§ **Task description**
Word for word, copy the line that contains "Fantasy Purple &" and each line after it in the data below. Pictures stay out of the copy.

§ **Supplied data**
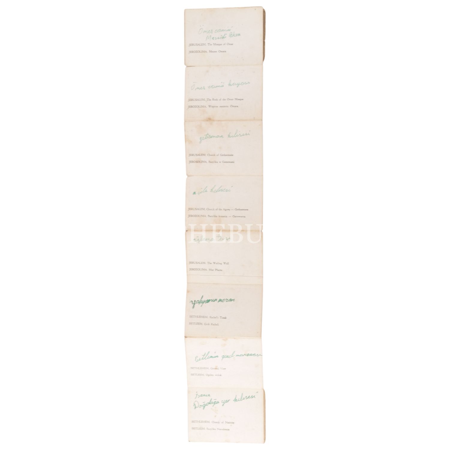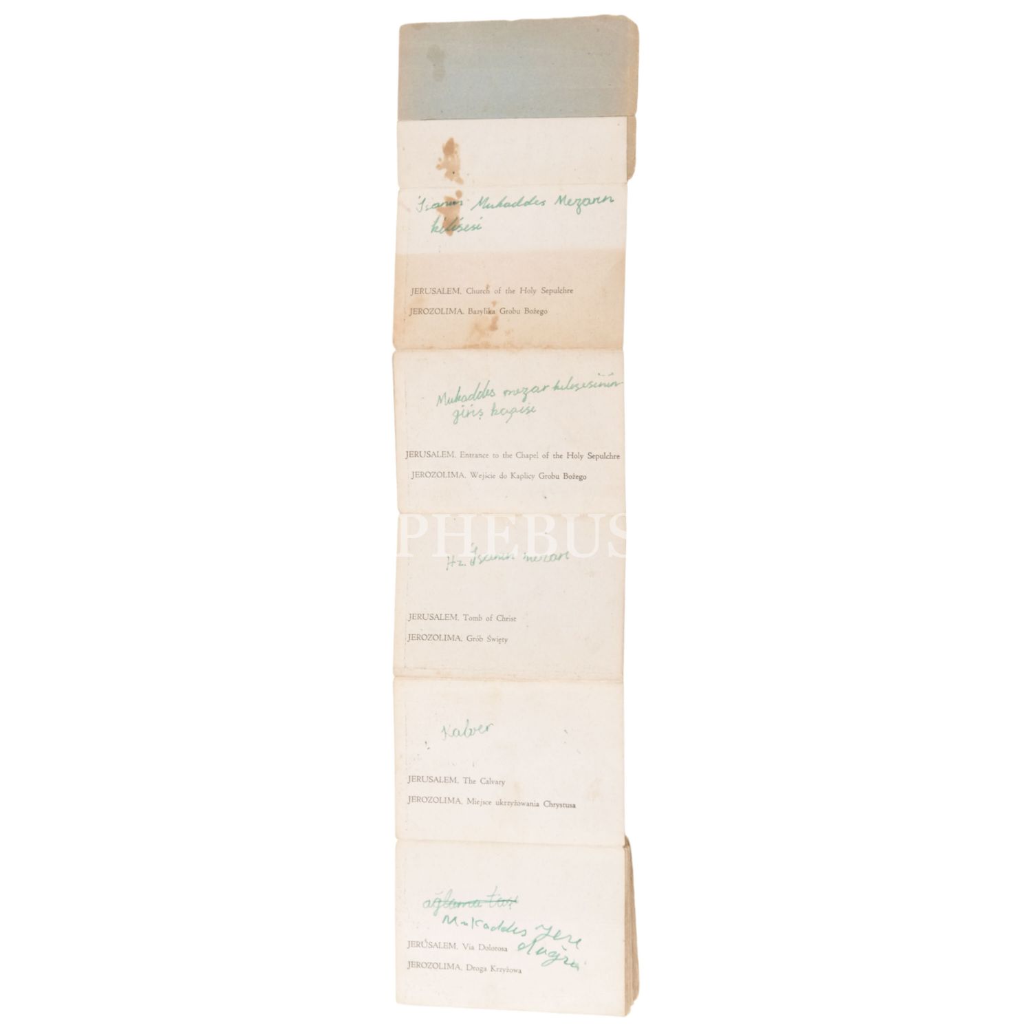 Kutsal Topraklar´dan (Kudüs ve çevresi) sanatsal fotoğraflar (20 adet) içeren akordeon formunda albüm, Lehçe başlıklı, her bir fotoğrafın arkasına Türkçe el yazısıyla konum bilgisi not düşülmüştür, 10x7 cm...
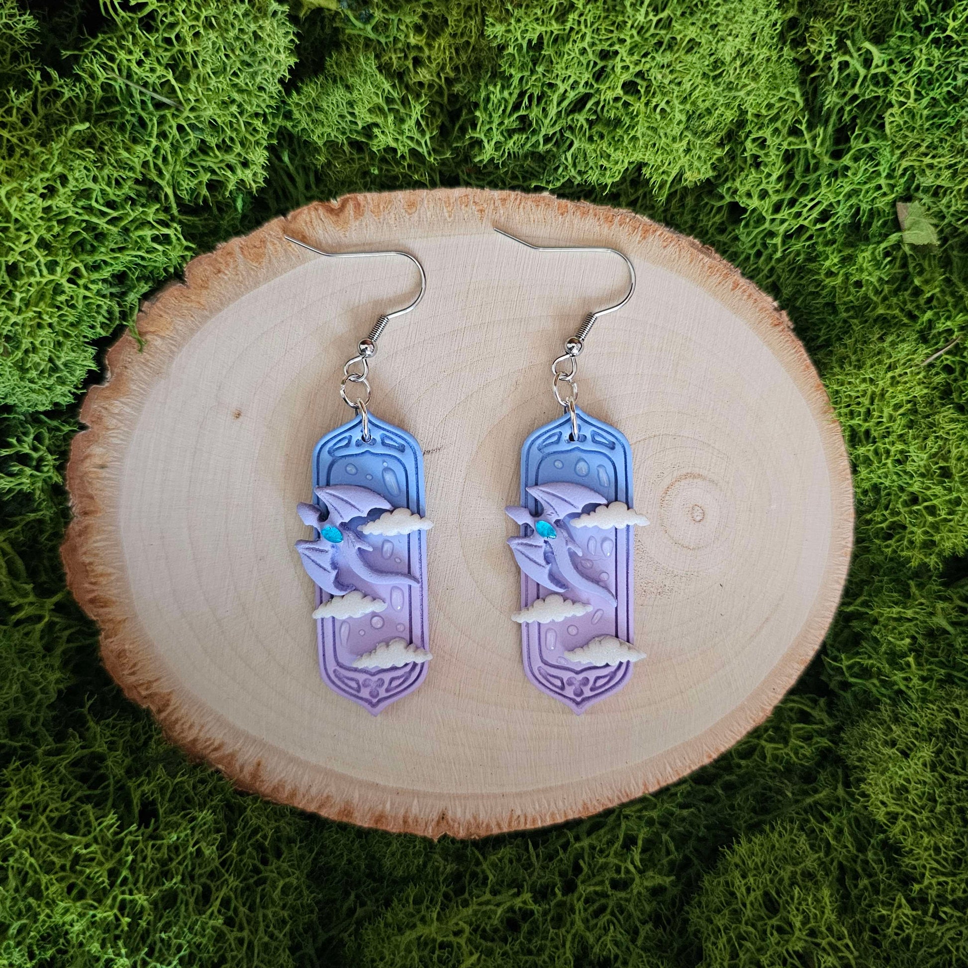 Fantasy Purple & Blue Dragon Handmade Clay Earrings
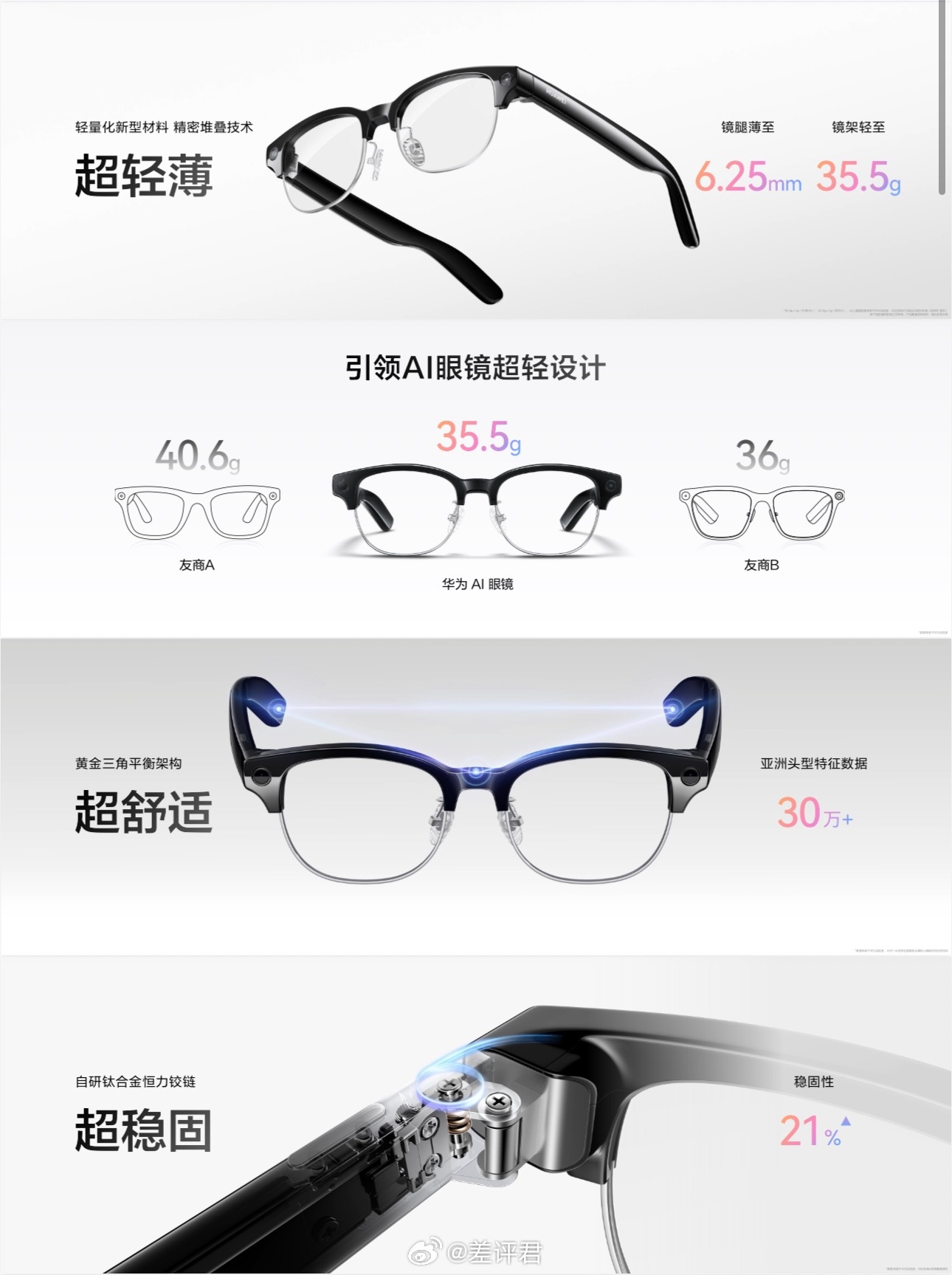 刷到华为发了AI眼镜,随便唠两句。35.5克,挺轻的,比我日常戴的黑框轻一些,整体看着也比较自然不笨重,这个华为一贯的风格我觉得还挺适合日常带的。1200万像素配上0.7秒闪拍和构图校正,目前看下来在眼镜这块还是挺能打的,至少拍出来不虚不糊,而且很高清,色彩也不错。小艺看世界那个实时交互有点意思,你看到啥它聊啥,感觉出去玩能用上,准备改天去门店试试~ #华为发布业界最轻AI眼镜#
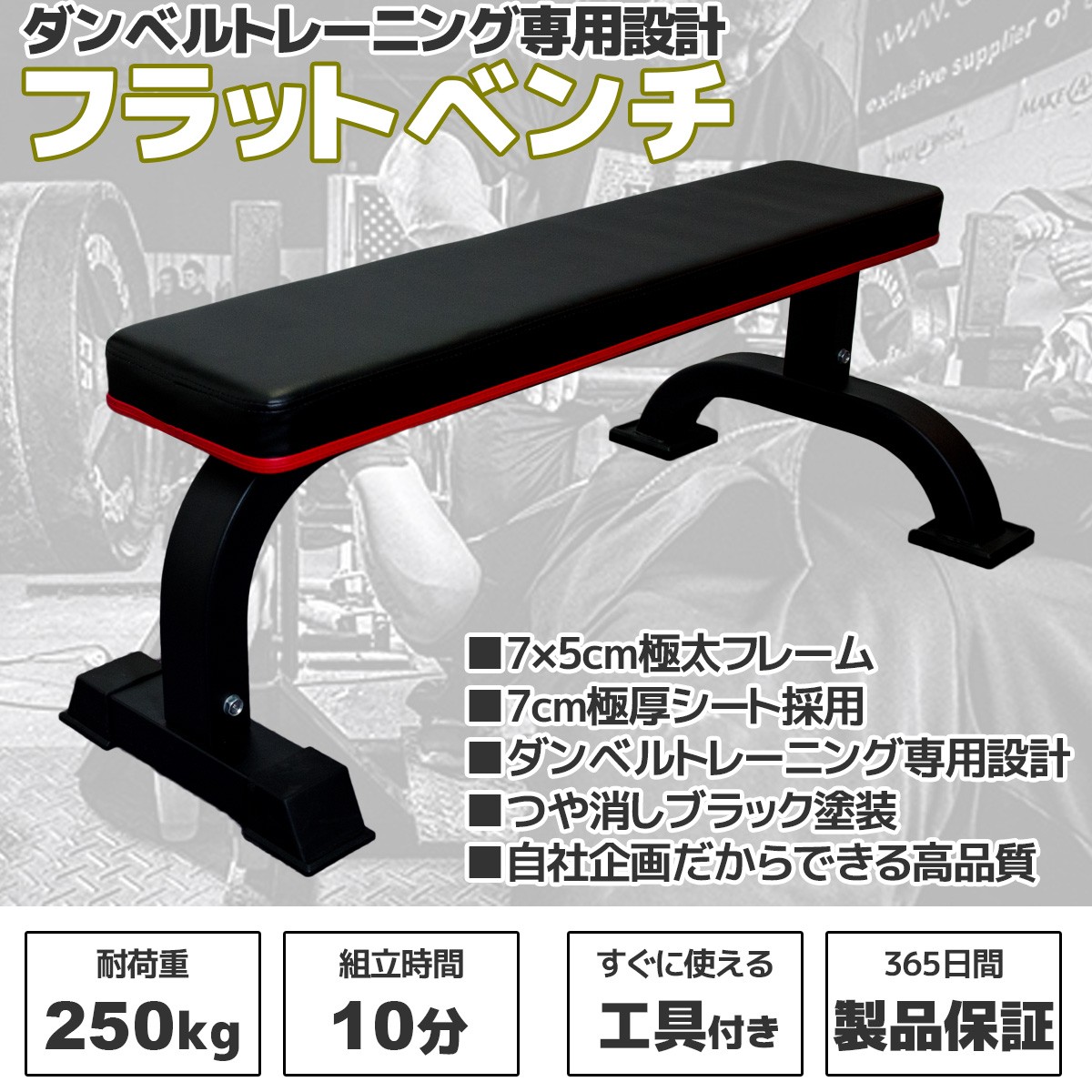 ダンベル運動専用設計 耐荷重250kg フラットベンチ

§ **Solved exercise**
 Fantasy Purple & Blue Dragon Handmade Clay Earrings
 刷到华为发了AI眼镜,随便唠两句。35.5克,挺轻的,比我日常戴的黑框轻一些,整体看着也比较自然不笨重,这个华为一贯的风格我觉得还挺适合日常带的。1200万像素配上0.7秒闪拍和构图校正,目前看下来在眼镜这块还是挺能打的,至少拍出来不虚不糊,而且很高清,色彩也不错。小艺看世界那个实时交互有点意思,你看到啥它聊啥,感觉出去玩能用上,准备改天去门店试试~ #华为发布业界最轻AI眼镜#
 ダンベル運動専用設計 耐荷重250kg フラットベンチ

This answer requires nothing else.